41) Security Foundations
Store keys in secret managers, enforce TLS, restrict egress, validate inputs, and sanitize outputs. Add org/tenant scoping to every call path.
headers: { Authorization: "Bearer ***" }
42) Compliance & Retention
Align with internal retention policies. Provide user-visible notices for data usage. Offer opt-out for training where applicable.
retention_days=30; redact=true
43) Testing Strategy
Unit: prompt builders, retrievers. Integration: end-to-end RAG on a fixture corpus. Regression: snapshot expected answers/citations.
assert "Reset steps" in answer
44) Perf Tuning
Reduce top-k, compress context, use streaming, batch embeddings, and colocate services. Profile TTFB and full-render.
top_k=20 → 10; ctx_tokens=1500 → 900
45) Deployment Options
VM/containers with autoscaling; serverless for bursty chat; on-prem/private endpoints for strict data control.
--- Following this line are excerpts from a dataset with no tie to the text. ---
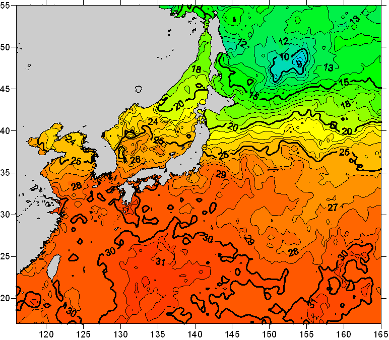 o 2008년 08월 21일 북서태평양 광역해양 수온분포 입니다. o 아래 위성 수온분포도는 국립수산과학원(NFRDI, Korea)과 일본동북대학교(Tohoku University, Japan)가 공동연구개발 진행중, 1차 연구결과인 것으로 구름의 영향을 배제한 신기술의 수온정보입니다.
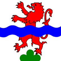 Argent, on a Coupeaux Vert a Lion rampant Gules, a Bar wavy overall.
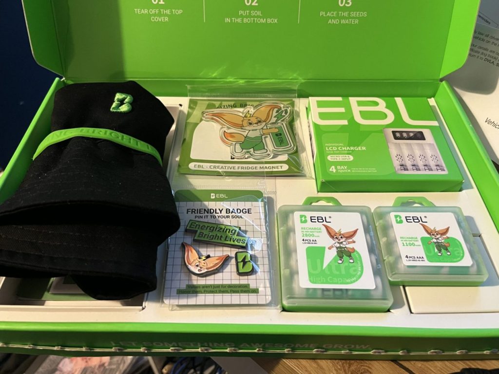 Il set EBL viene proposto anche nella versione Greenwave Gift Box, un confezionamento curato che include oltre al caricabatterie e alle pile anche accessori promuoventi la sostenibilità energetica. Tra gli oggetti presenti:
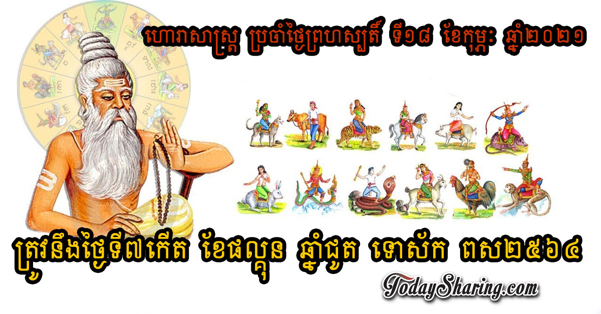 ហោរាសាស្រ្ត ប្រចាំថ្ងៃ ព្រហស្បតិ៍ ទី ១៨ ខែ កុម្ភៈ ឆ្នាំ ២០២១ ត្រូវនឹងថ្ងៃទី ៧កើត ខែផល្គុន ឆ្នាំជូត ទោស័ក ពស២៥៦៤
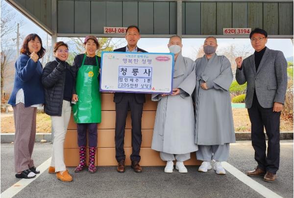 [한국뉴스타임=편집국] 가평군 청평면은 21일 청룡사에서 이웃돕기 물품으로 절인배추 1ton을 기탁했다고 밝혔다.
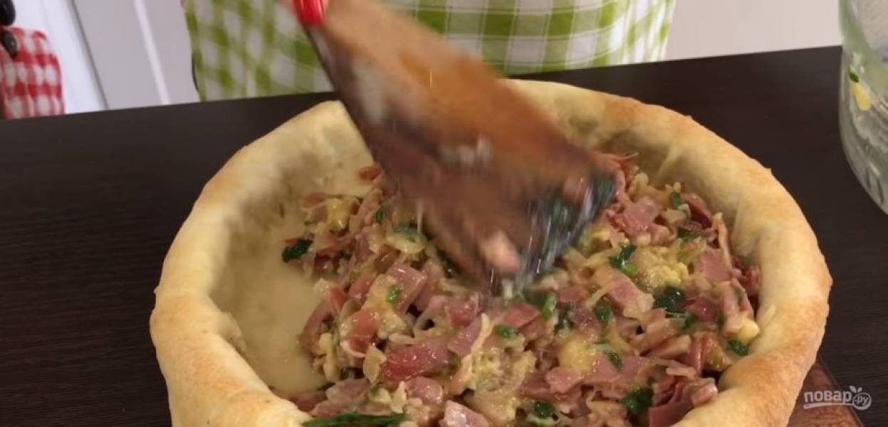 6. К бекону добавьте яйцо, перемешайте и выложите начинку на основу из теста. Посыпьте тертым сыром и отправьте в разогретую до 180 градусов духовку, чтобы расплавился сыр. Приятного аппетита!
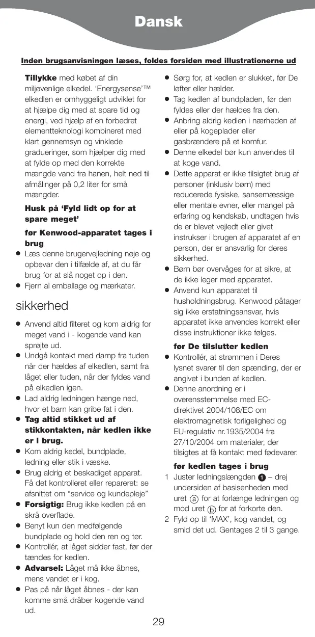 Tillykke med købet af din miljøvenlige elkedel. ‘Energysense’™ elkedlen er omhyggeligt udviklet for at hjælpe dig med at spare tid og energi, ved hjælp af en forbedret elementteknologi kombineret med klart gennemsyn og vinklede gradueringer, som hjælper dig med at fylde op med den korrekte mængde vand fra hanen, helt ned til afmålinger på 0,2 liter for små mængder.
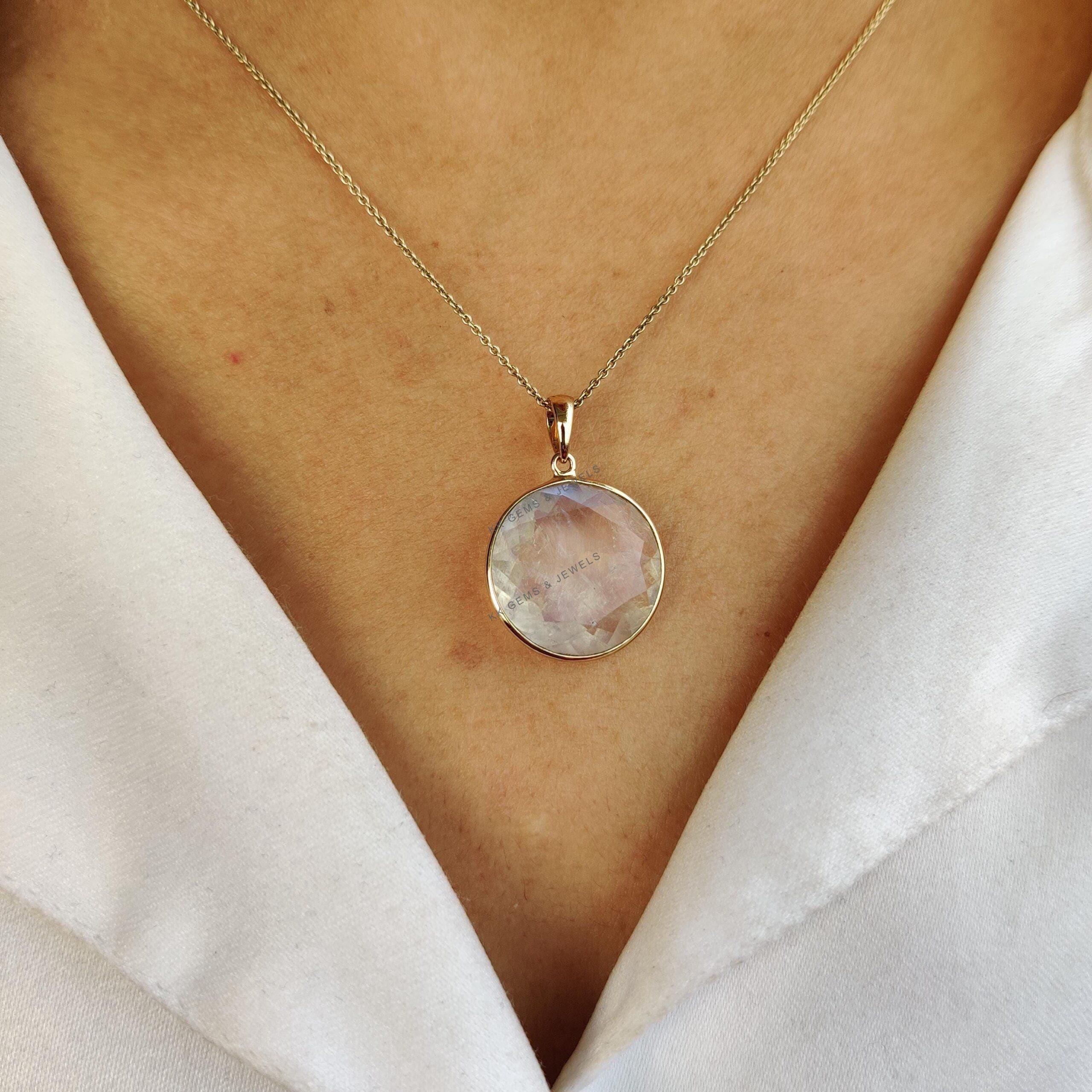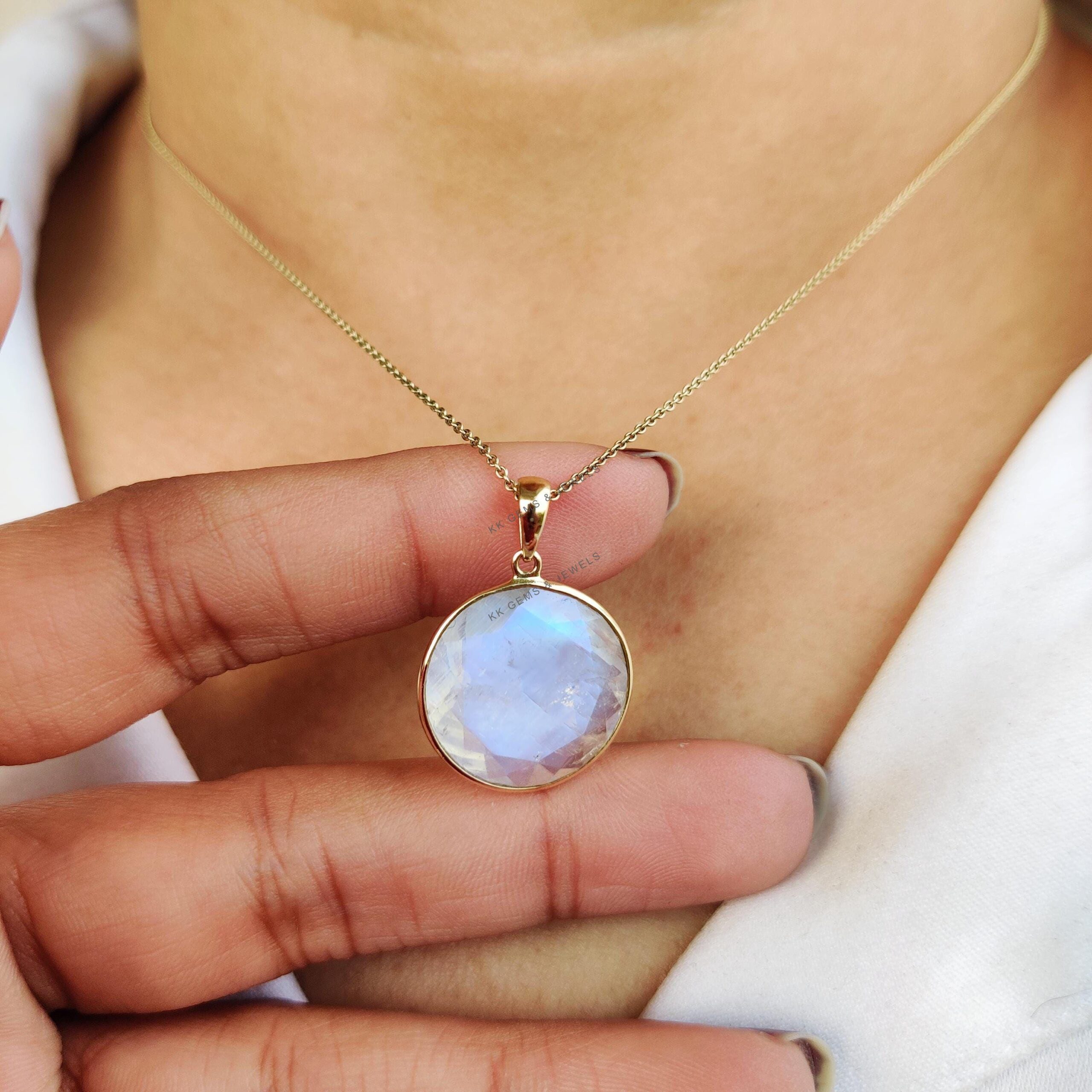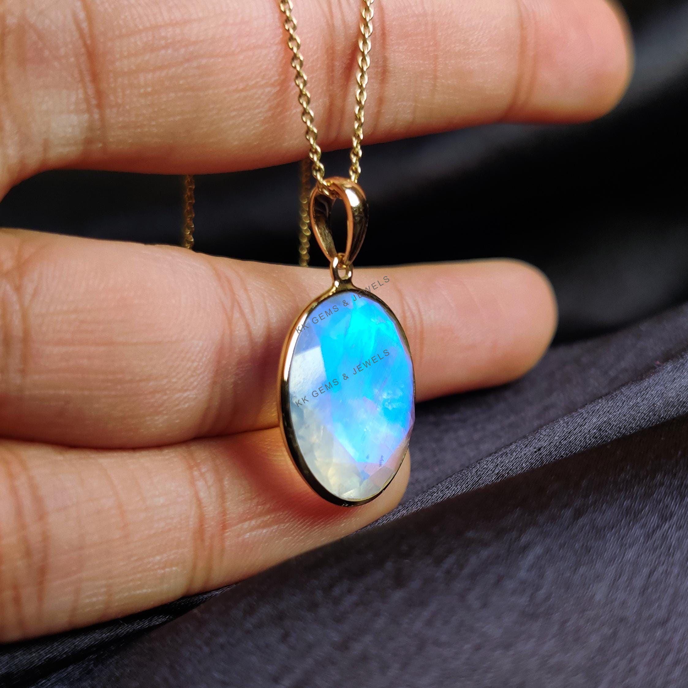 This stunning pendant is set in 14k Solid Yellow Gold Rainbow Moonstone with utmost precision. It is an unique gemstone Pendant for nearly every occasion and is completely hassle-free jewelry. ✓ ABOUT GEMSTONE Rainbow Moonstone is believed to help balance…

Add health/readiness endpoints.
GET /health → { ok:true }
46) Cost Controls
Cap tokens, cache results, pre-compute embeddings, and use rerank only when needed. Alert on anomalous token spikes.
if token_usage > budget: throttle()
47) SLOs & Runbooks
Define p95 latency targets, accuracy thresholds, and on-call runbooks (timeouts, retries, degraded modes without rerank).
SLO: p95 < 800ms (search+rnk)
48) Production Checklist
- Secrets + rotation
- Rate limits + quotas
- Input/output filters
- Vector + keyword hybrid
- Rerank on merged set
- Dashboards & alerts
49) Common Pitfalls
Overlong context, no rerank, weak filters, missing ACL checks, no evals, and prompt drift. Fix with chunking, hybrid retrieval, tests, and policy prompts.
50) Interview Q&A — 20 Practical Questions (Expanded)
1) Why Cohere for RAG? Strong embeddings + rerank improve retrieval precision, reducing hallucinations and increasing answer utility.
2) When to use rerank? After an initial broad retrieval; rerank focuses on relevance within a manageable candidate set.
3) How to stop hallucinations? Grounded prompts, strict instructions, cite sources, and return “not found” when needed.
4) Embedding best practices? Chunk consistently, store metadata, normalize vectors if your DB needs it, and batch for throughput.
5) Hybrid vs vector-only? Hybrid improves recall on exact terms and broader semantics; rerank organizes combined results.
6) How to evaluate? Track retrieval (Recall@k, NDCG) and answer (faithfulness, completeness, citation accuracy).
7) Token cost control? Truncate inputs, summarize long context, cap max_tokens
, and cache frequent answers.
8) Latency improvements? Stream outputs, reduce top-k, colocate services, and avoid unnecessary second calls.
9) Safety approaches? Classify/deny unsafe content, redact PII, and log policy decisions with rationales.
10) Multilingual tactics? Use multilingual embeddings, detect language, prioritize same-language sources.
11) Handling ACLs? Filter at retrieval and regenerate only from authorized snippets; audit access.
12) Fine-tune vs prompt? Start with prompting; consider tuning when consistent domain phrasing or format is crucial.
13) Prevent prompt drift? Version prompts, add tests, and use strict system instructions.
14) Vector DB selection? Based on ops team skills, filters, scale, and cost; benchmark recall/latency.
15) Streaming UX tips? Show sources first, then stream the answer; allow user interrupts.
16) Retry strategy? Exponential backoff with jitter; idempotency keys to avoid duplicate writes.
17) Logging essentials? Request IDs, token counts, latencies, selected docs, and rerank scores.
18) Batch ingestion? Use queues, batch embeddings, and parallel upserts; checkpoint progress.
19) On-prem considerations? Network egress control, latency tradeoffs, and compliance audits.
20) KPIs for success? Self-serve deflection, first-contact resolution, search CTR, doc coverage, and time-to-answer.